InterviewPal is a GPT-3.5 powered AI that helps you practice for your interviews. It will ask you common and relevant interview questions and give you insightful feedback on your answers.
An AI powered web application that helps you prepare for your next interview. Asking behavioural and technical questions, it can evaluate your answers and provide you with scores and constructive feedback. The project was meant for the 2023 Hack the Break hackathon. I worked on the backend and its integration with the frontend.
InterviewPal was a hackathon project that I worked on with a team of 4 other developers built in 18 hours.

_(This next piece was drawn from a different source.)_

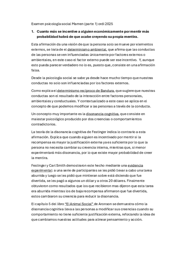 He publicado nuevos examenes de 1º Psicología Social I: Examen-Psicologia-Social-2-Mireya-2425.pdf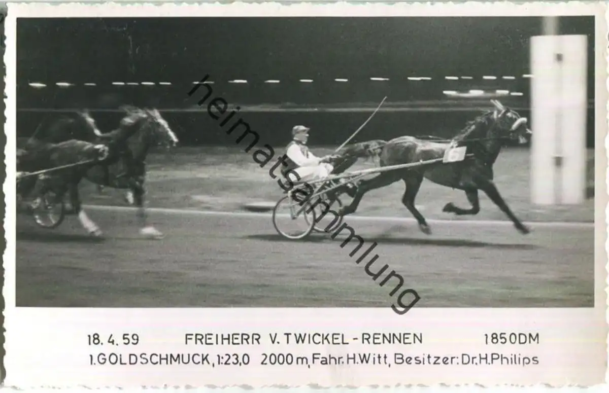 Trabrennen - Freiherr von Twickel Rennen - Goldschmuck - Fahrer Heinz Witt - Besitzer Dr. H. Philips - Foto-AK 18.04.1959 (G5142)

The project was built using `React`
, `Next.js`
for both the frontend and backend, `ChatGPT 3.5 API`
, `Redis`
, `TypeScript`
, and `Zod`
for type safety.
I worked mostly on the backend and connecting the frontend to the backend. I was my first time working with OpenAI API.
I also dealt with JavaScript Streams API and Redis for storing temporary user data since Vercel is a serverless platform.
For the frontend, I aided in designing a UI component and implementing it using Tailwind CSS.
Prompting ChatGPT to give us a nicely JSON formatted response was probably the most challenging part of this project. At the time, GPT 4 was not introduced yet which could have made this process a lot easier!
Also, learning about the OpenAI API and how to use it required reading through the documentation and learning the API's quirks. Thankfully, OpenAI had a great documentation for GPT 3.5 on their website and it was an enjoyable read for me.
Lack of time was also a big one since our time was limited to 18 hours. We had to make a lot of compromises and cut out features that we wanted to implement. To make up for this, we decided to focus on the core features of the project and strive for a minimal viable product (MVP).
This was my first hackathon experience and I learned a lot about the process of building a project from scratch in a short amount of time. I also learned that it is effective to work Agile and to break down a project into smaller Minimum Viable Products (MVPs).